++++ Task input ++++

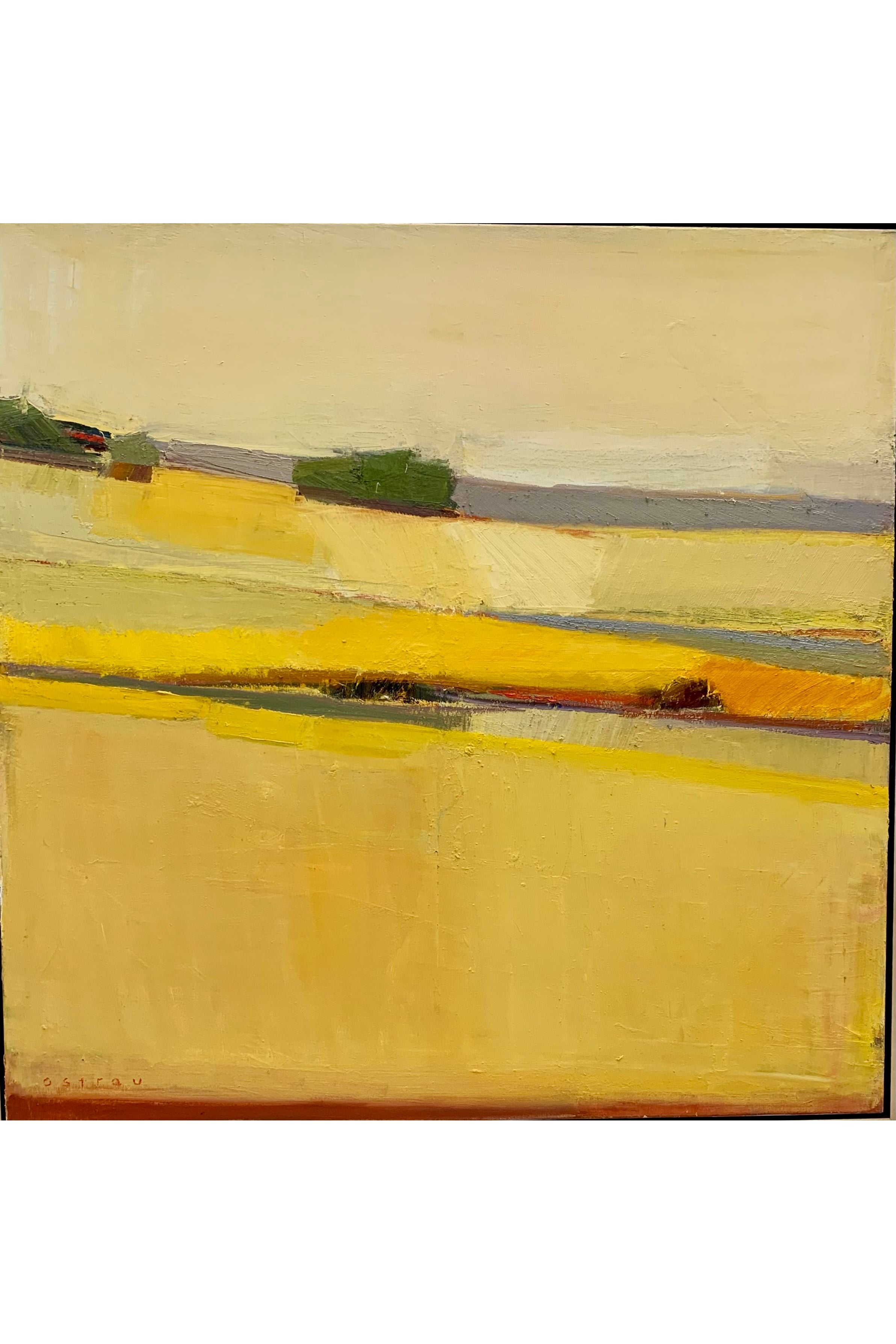 Height 48 in, width 48 in. Featuring a bold, abstract style in which all elements are distilled down to essential, interlocking forms, Ostraus aesthetic is heavily indebted to Bay Area Figuration, with roots in the en plein air tradition of nineteenth-century French Impressionism. Her paintings are consequently suffused with atmosphere, movement, and vibrant complementary colors.
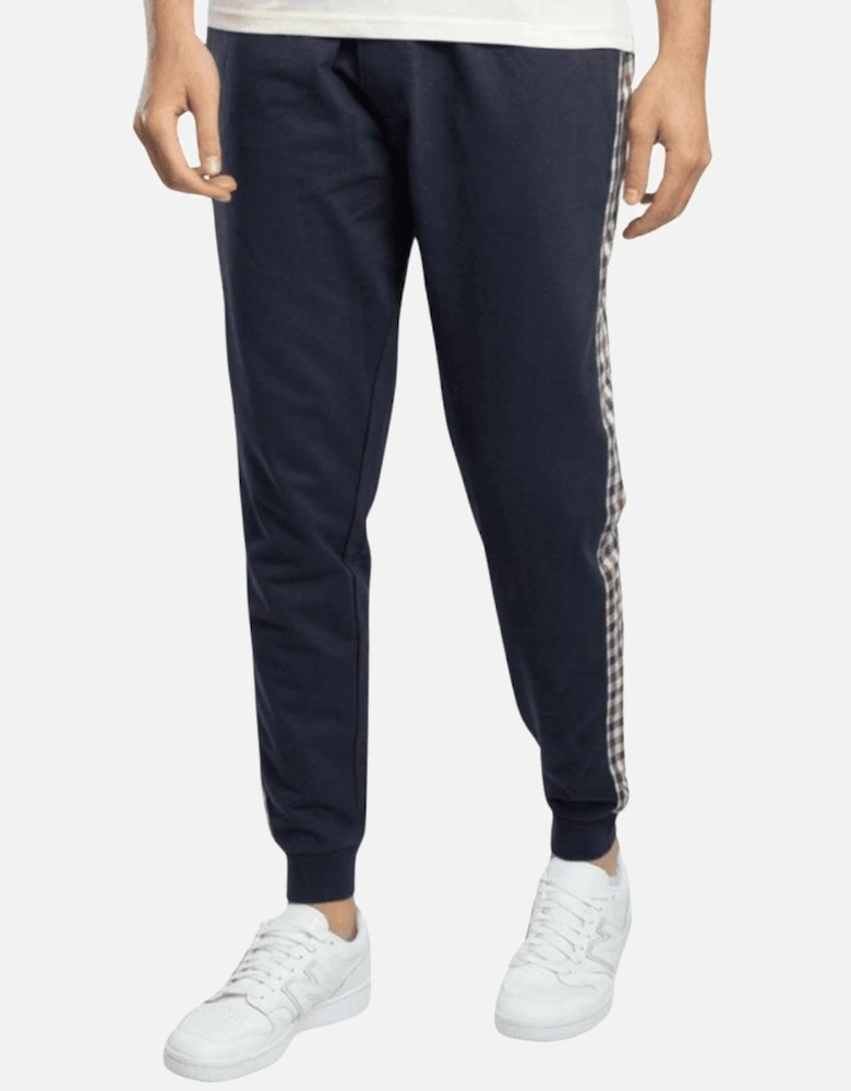 Stylish tracksuit bottoms by Aquascutum featuring a club check design on the side, cuffed bottoms, and an adjustable waistband for a comfortable fit.
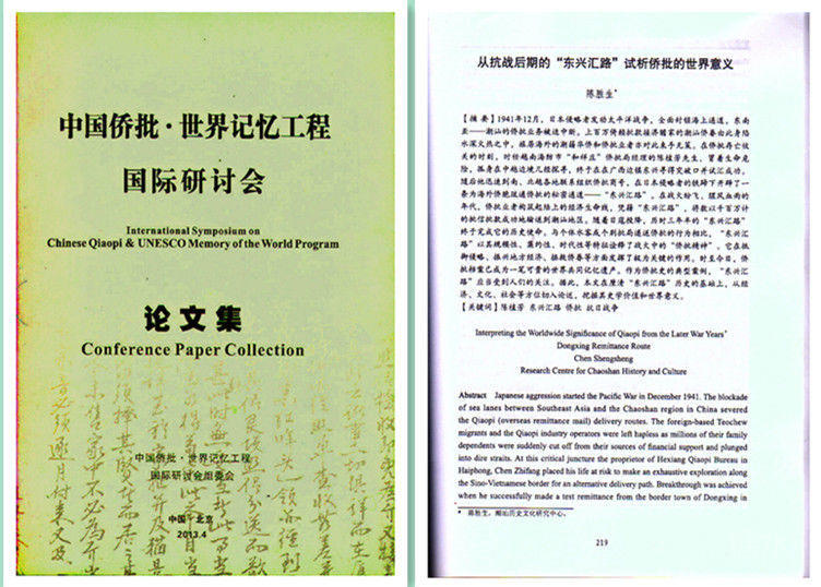 陈胜生论文:《从抗战后期的"东兴汇路"试析侨批的世界意义》,收编入《中国侨批 · 世界记忆工程国际研讨会论文集》。
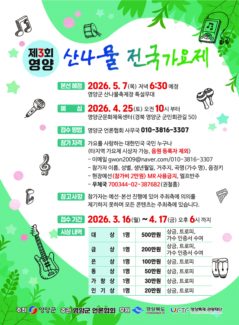 오는 5월 ‘제21회 영양산나물축제’의 시작을 알리는 ‘제3회 영양 산나물전국가요제’를 개최하고, 무대를 빛낼 주인공들을 모집한다.
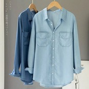 デニムシャツレディース長袖トップス カーディガン24人気新作シアーシャツ
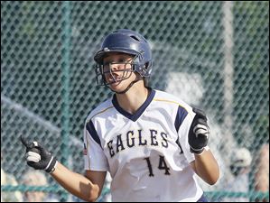 Notre Dame's Cassie Gillespie (14) scores against North Royalton catcher Lauren Oster (5) to tie the game 4-4 in the seventh inning.
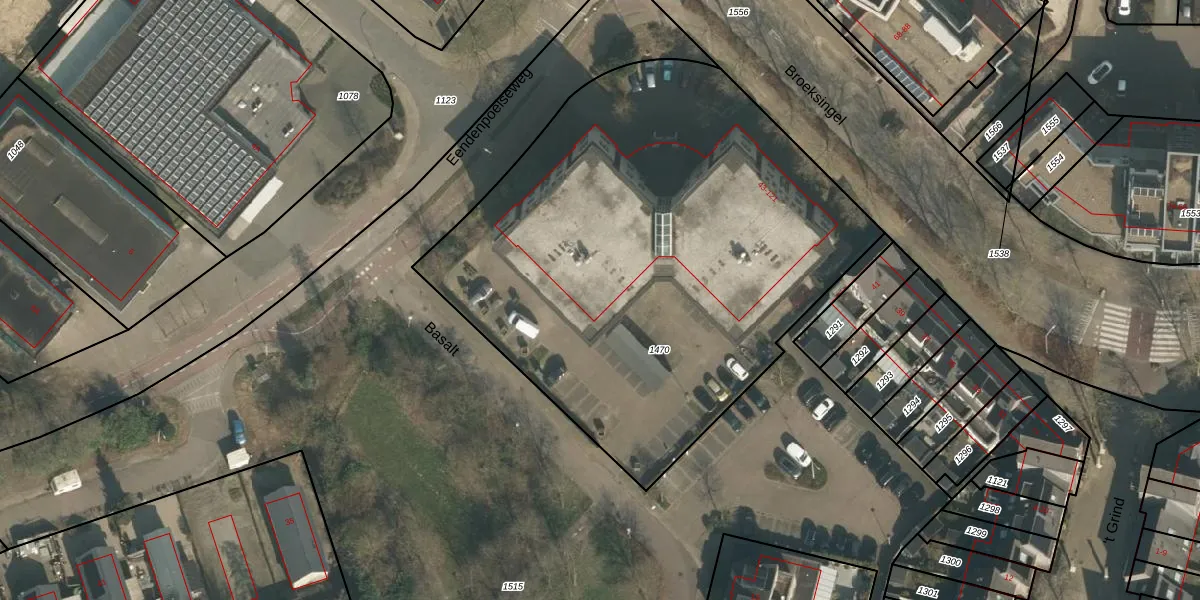 Het adres is gelegen op perceel 1470 in de sectie F en de kadastrale gemeente Heumen. De kadastrale aanduiding is aldus HMN01-F-1470. Het perceel is met 3072 m² relatief groot. Het gemiddelde ligt in de kadastrale gemeente Heumen op 2941,35 m². Het kleinste perceel in de kadastrale gemeente is 0 m² groot. De grootste perceeloppervlakte is 50,5 ha. Op het perceel liggen in totaal 40 adressen. De huidige grenzen van het perceel zijn digitaal in de Basisregistratie Kadaster (BRK) geregistreerd op 07-10-2009.
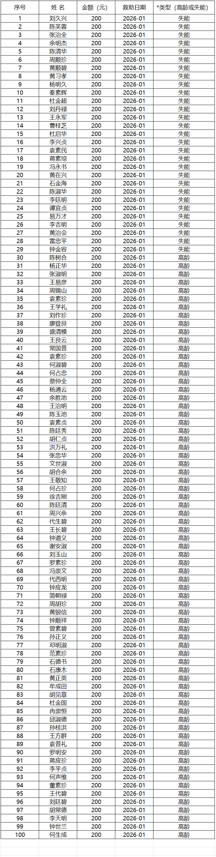 2026年1月涪陵区焦石镇经济困难高龄失能老年人养老服务补贴名单
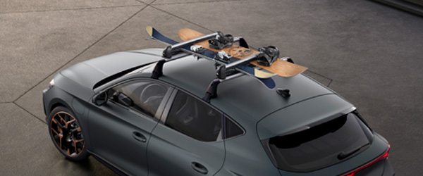 Der Ski- und Snowboardträger von Seat und Cupra transportiert sicher bis zu 6 Paar Ski oder 4 Snowboards, schützt die Ausrüstung mit weichen Gummipads und bietet einfache Handhabung auf dem Grundträger.
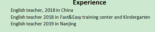 demo,介紹3年中國教學(xué)經(jīng)驗(yàn),學(xué)校類型,學(xué)生年齡,介紹教學(xué)方式,多種多樣--發(fā)音不錯,形象好
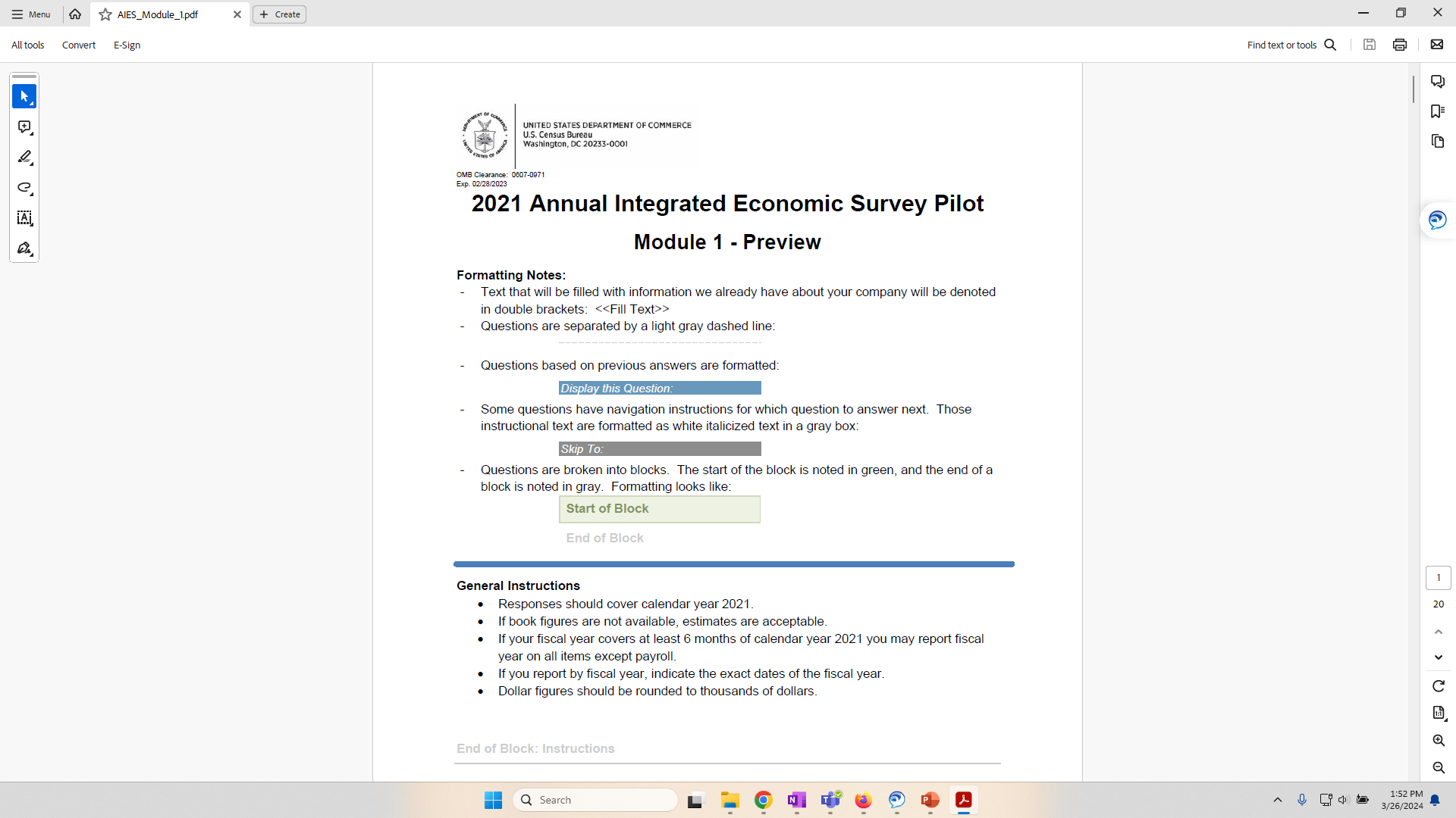 Great, thanks for that context. Next I’ll have you open the interactive question preview tool link, AIES Survey Questionnaire (census.gov), I sent to you and walk you through how to screenshare. You make take a moment to close anything you don’t need open.
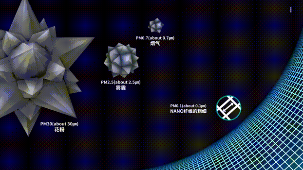 这么,这么细的纳米空隙,不要说花粉、烟尘、飞沫、PM2.5,就连细菌病毒也不再话下。
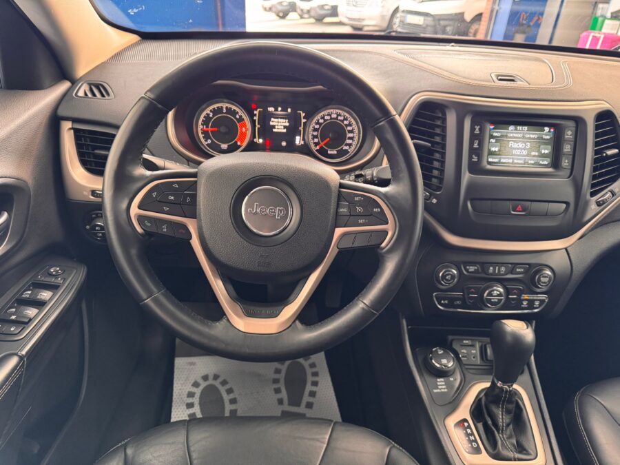 JEEP CHEROKEE 2.0 4X4 Equipado con modos de conducción, Climatizador BiZona, Volante Multifunción, Manos libres, Control de Velocidad, sensores de Aparcamiento luces y lluvia, Modos de Conducción, asiento de cuero eléctricos, Llanta de Aluminio, Portón eléctrico, Bola de remolque…etc
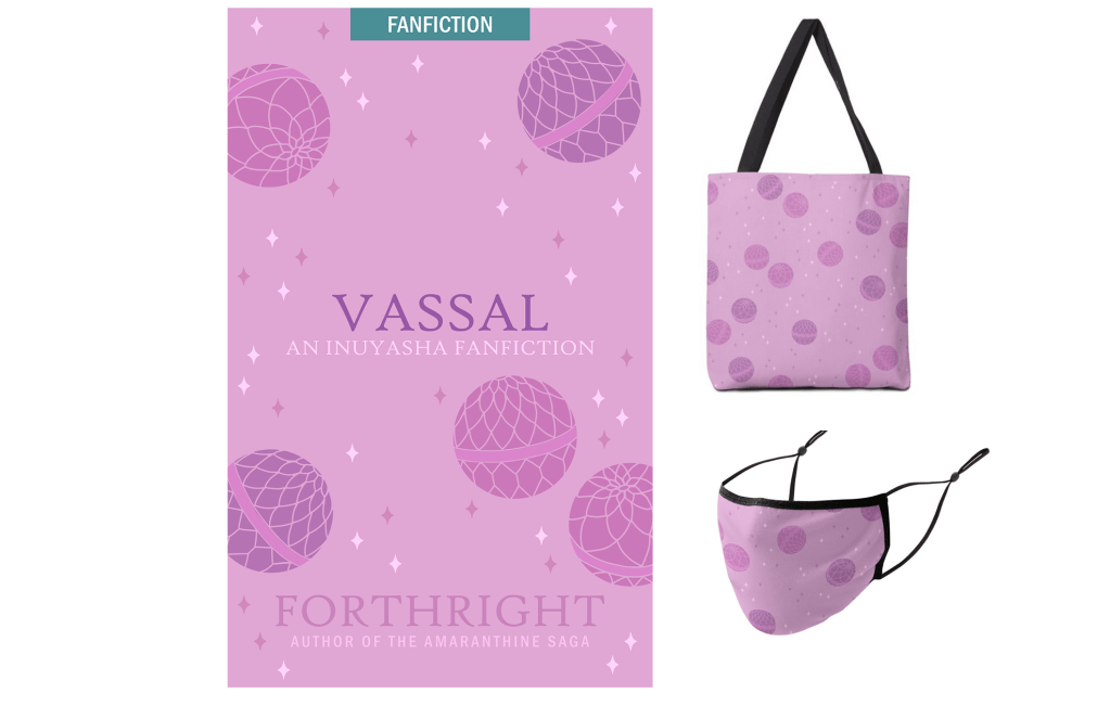 Temari Balls. We’ve added a new pattern to the shops. You can now get the temari balls featured on the cover for Vassal (one of my IY fanfics) printed on totes, journals, masks, notecards, etc.

++++

Problem description>
Write out exactly the lines from the line that contains "JEEP CHEROKEE 2.0" to the last line of the material above, both included; pictures do not belong in the copy.

Answer to this problem>
 JEEP CHEROKEE 2.0 4X4 Equipado con modos de conducción, Climatizador BiZona, Volante Multifunción, Manos libres, Control de Velocidad, sensores de Aparcamiento luces y lluvia, Modos de Conducción, asiento de cuero eléctricos, Llanta de Aluminio, Portón eléctrico, Bola de remolque…etc
 Temari Balls. We’ve added a new pattern to the shops. You can now get the temari balls featured on the cover for Vassal (one of my IY fanfics) printed on totes, journals, masks, notecards, etc.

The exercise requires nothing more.